**What the task requires**
Look through the listing below for the line with "Ngày 10/10/2018, trong" and the line with "Red white and". Copy both, along with every line between them, exactly and with no pictures.

**Source data**

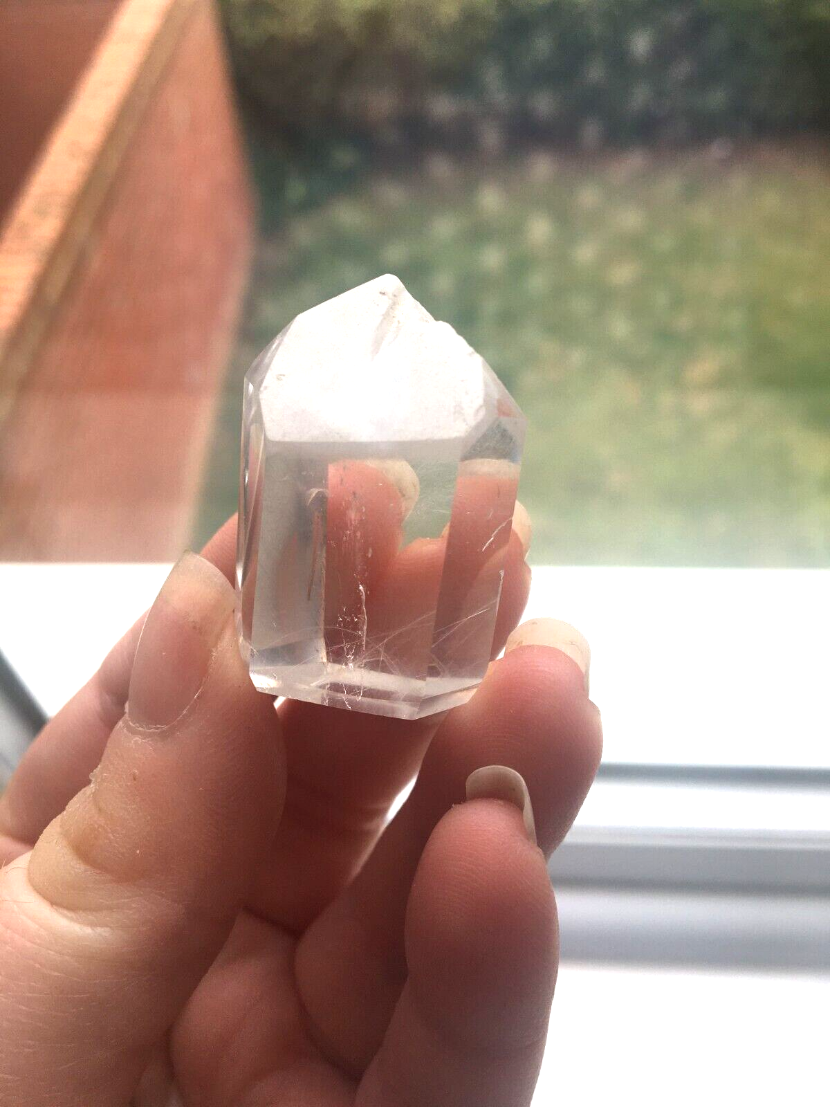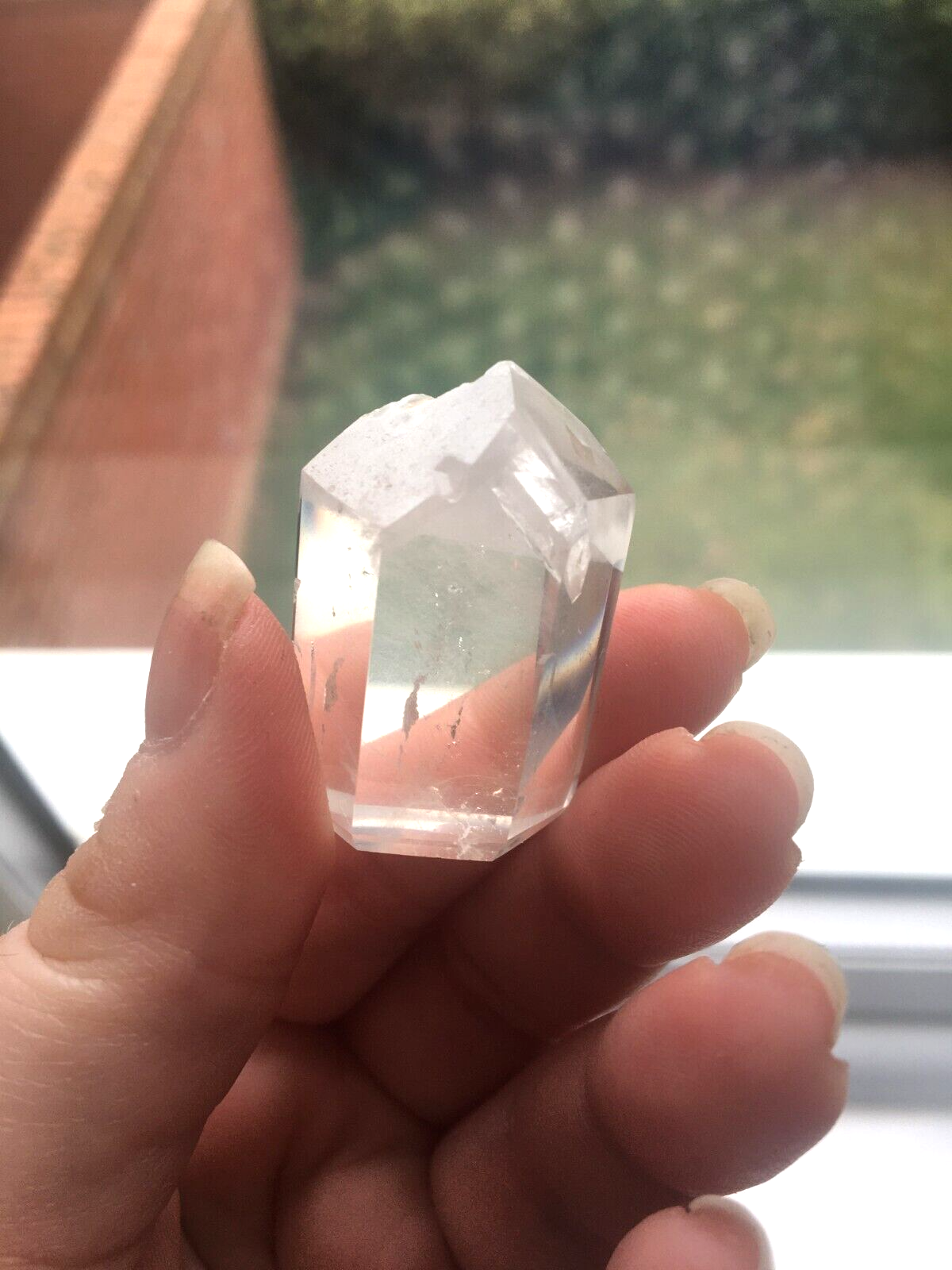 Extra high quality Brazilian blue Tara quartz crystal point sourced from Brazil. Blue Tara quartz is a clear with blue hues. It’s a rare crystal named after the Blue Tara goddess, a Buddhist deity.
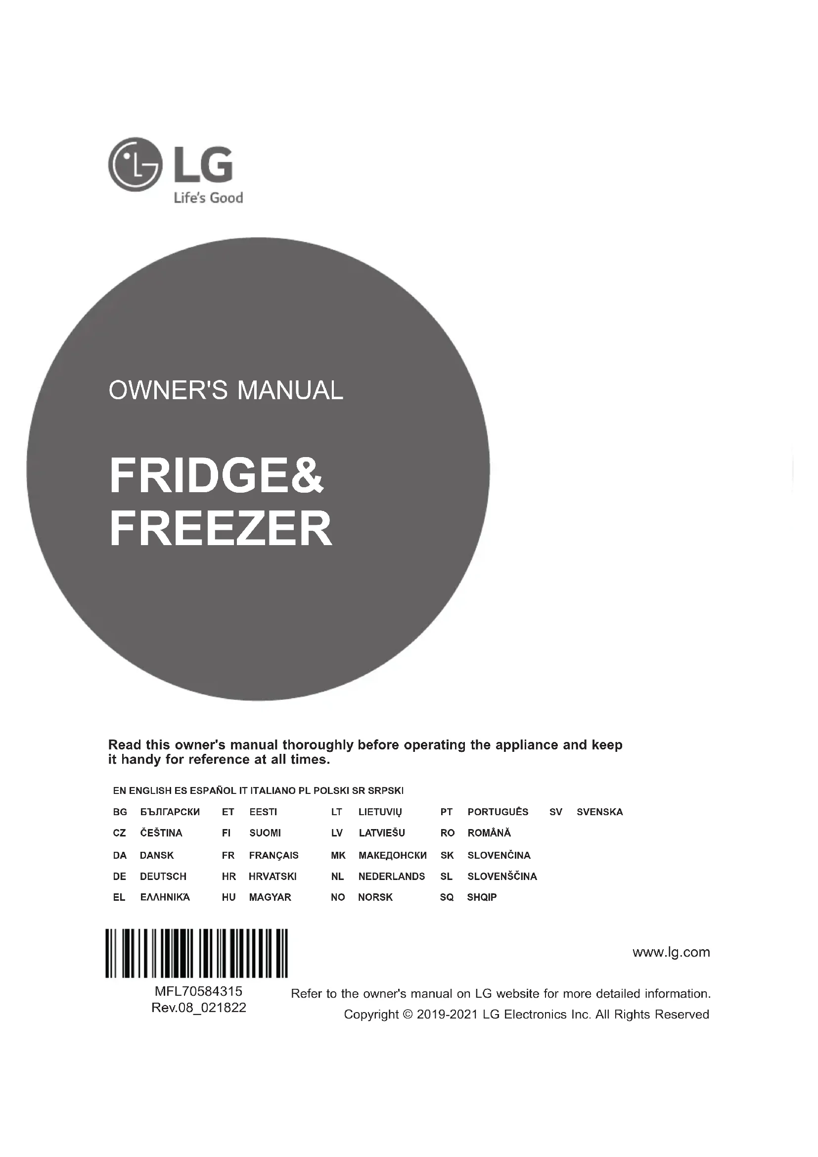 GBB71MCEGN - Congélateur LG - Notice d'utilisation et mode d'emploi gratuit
---
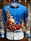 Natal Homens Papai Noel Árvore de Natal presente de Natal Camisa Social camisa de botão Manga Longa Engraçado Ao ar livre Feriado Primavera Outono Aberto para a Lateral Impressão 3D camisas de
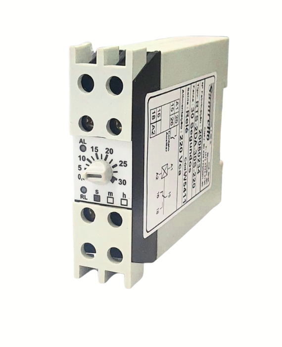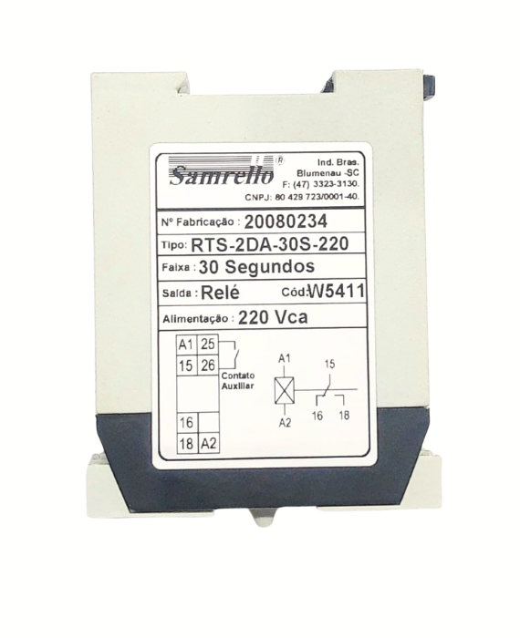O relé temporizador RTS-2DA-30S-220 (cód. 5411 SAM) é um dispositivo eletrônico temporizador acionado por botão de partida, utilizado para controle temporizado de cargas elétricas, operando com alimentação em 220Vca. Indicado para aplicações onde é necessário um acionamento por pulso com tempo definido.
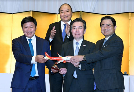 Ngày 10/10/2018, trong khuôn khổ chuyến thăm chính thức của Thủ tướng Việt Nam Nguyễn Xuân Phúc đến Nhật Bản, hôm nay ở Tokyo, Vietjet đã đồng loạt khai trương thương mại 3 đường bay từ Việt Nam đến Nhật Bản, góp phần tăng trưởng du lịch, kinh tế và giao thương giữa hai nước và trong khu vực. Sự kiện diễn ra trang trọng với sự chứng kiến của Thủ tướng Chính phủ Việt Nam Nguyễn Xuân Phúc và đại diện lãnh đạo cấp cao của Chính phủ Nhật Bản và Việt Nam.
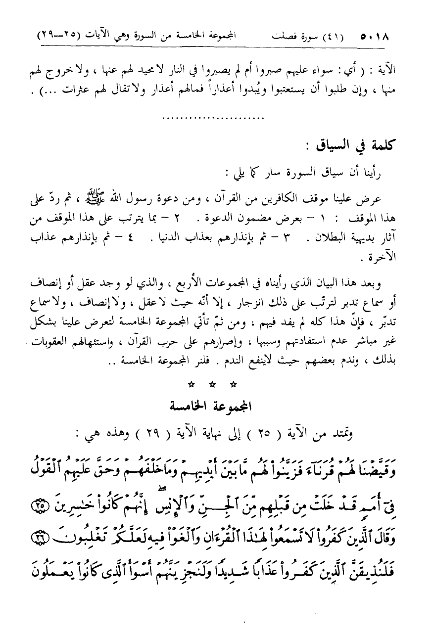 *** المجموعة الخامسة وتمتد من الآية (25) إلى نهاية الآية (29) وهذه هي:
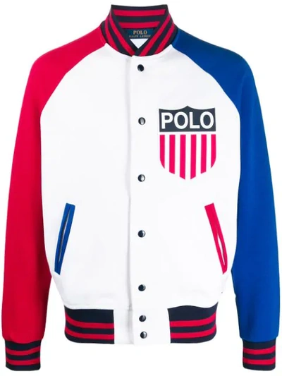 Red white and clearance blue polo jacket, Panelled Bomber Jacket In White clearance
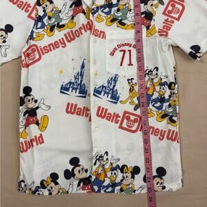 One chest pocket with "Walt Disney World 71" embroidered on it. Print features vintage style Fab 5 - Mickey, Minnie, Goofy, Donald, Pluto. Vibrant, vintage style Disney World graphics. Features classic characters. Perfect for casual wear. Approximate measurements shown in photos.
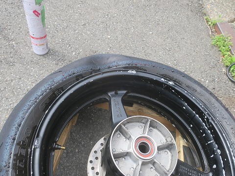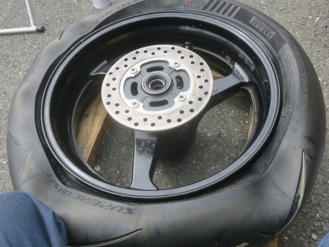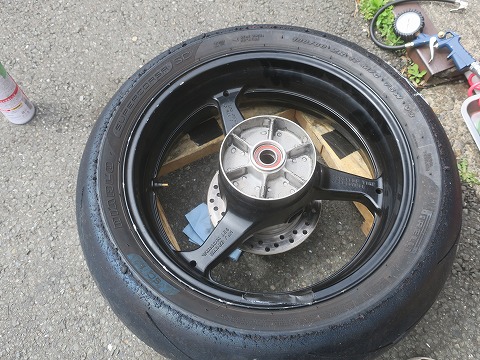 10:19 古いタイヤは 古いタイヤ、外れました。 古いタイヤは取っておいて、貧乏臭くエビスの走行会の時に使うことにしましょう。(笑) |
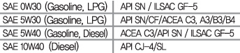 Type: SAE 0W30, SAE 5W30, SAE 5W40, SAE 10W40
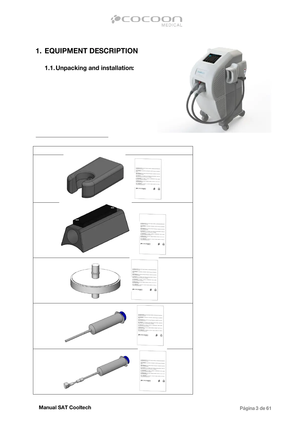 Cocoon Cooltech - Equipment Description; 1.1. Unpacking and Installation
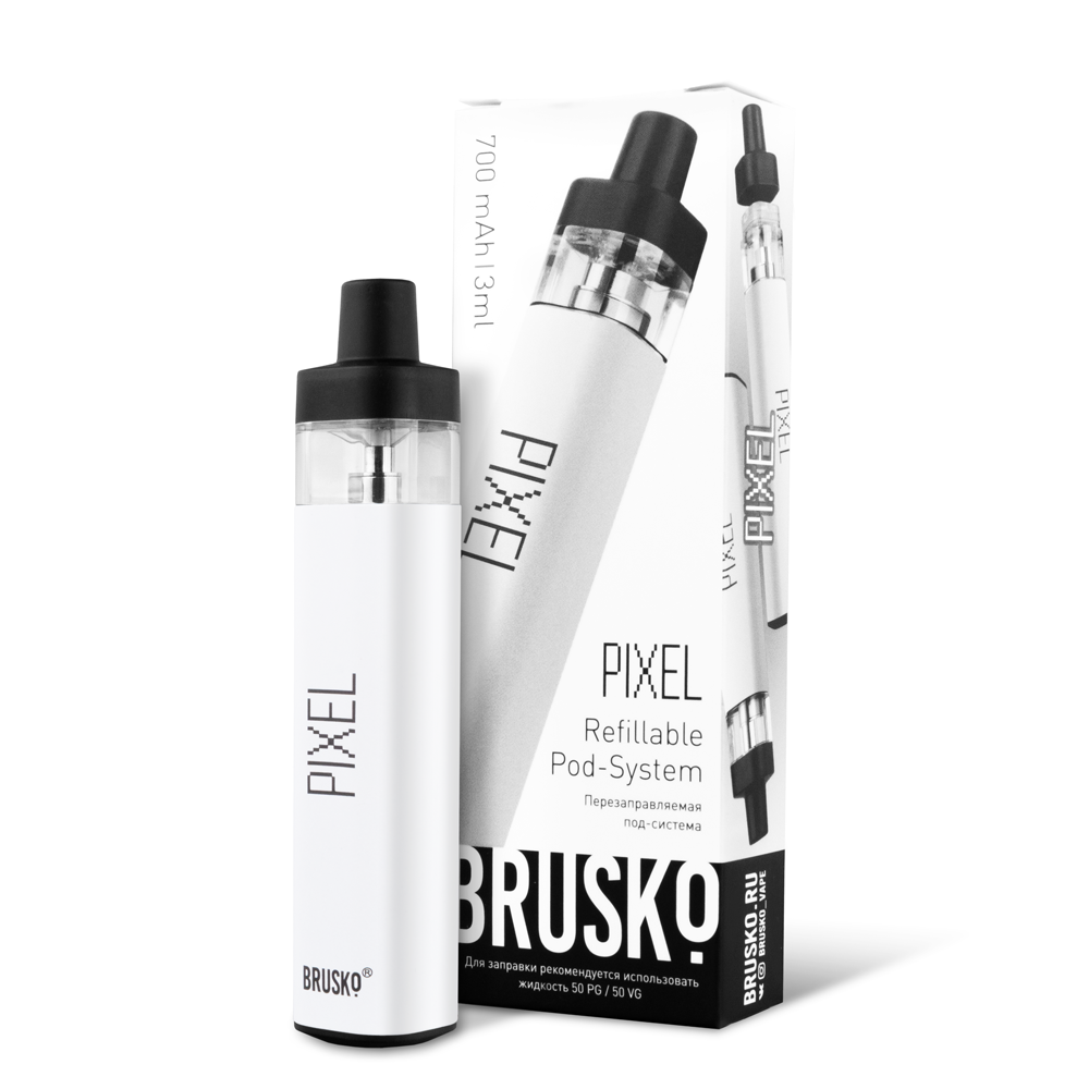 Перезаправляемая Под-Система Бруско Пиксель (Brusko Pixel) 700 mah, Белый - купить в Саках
...
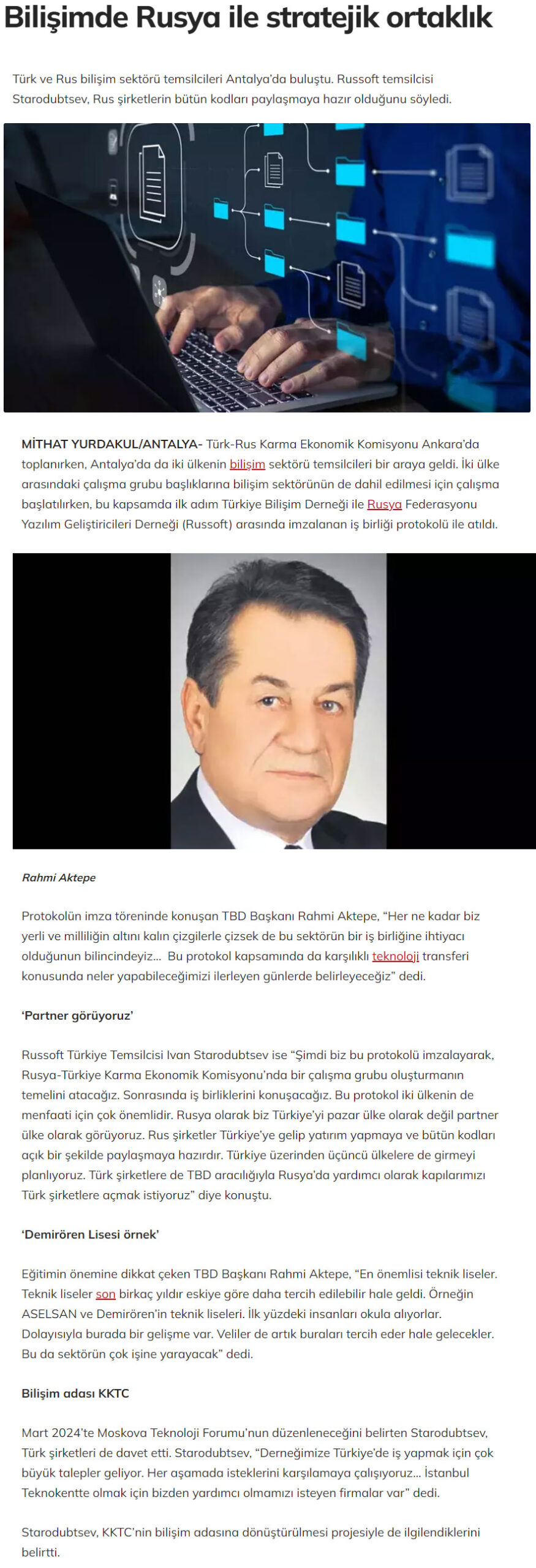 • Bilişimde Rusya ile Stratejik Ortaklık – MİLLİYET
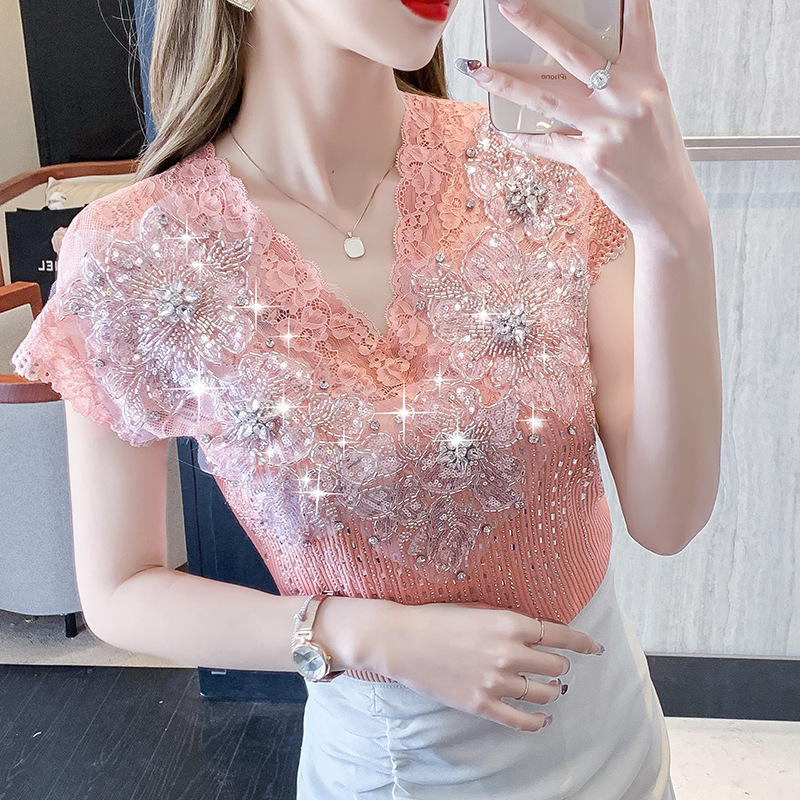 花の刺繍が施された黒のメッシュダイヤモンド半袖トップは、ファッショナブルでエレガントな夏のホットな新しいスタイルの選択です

**Response**
 Ngày 10/10/2018, trong khuôn khổ chuyến thăm chính thức của Thủ tướng Việt Nam Nguyễn Xuân Phúc đến Nhật Bản, hôm nay ở Tokyo, Vietjet đã đồng loạt khai trương thương mại 3 đường bay từ Việt Nam đến Nhật Bản, góp phần tăng trưởng du lịch, kinh tế và giao thương giữa hai nước và trong khu vực. Sự kiện diễn ra trang trọng với sự chứng kiến của Thủ tướng Chính phủ Việt Nam Nguyễn Xuân Phúc và đại diện lãnh đạo cấp cao của Chính phủ Nhật Bản và Việt Nam.
 *** المجموعة الخامسة وتمتد من الآية (25) إلى نهاية الآية (29) وهذه هي:
 Red white and clearance blue polo jacket, Panelled Bomber Jacket In White clearance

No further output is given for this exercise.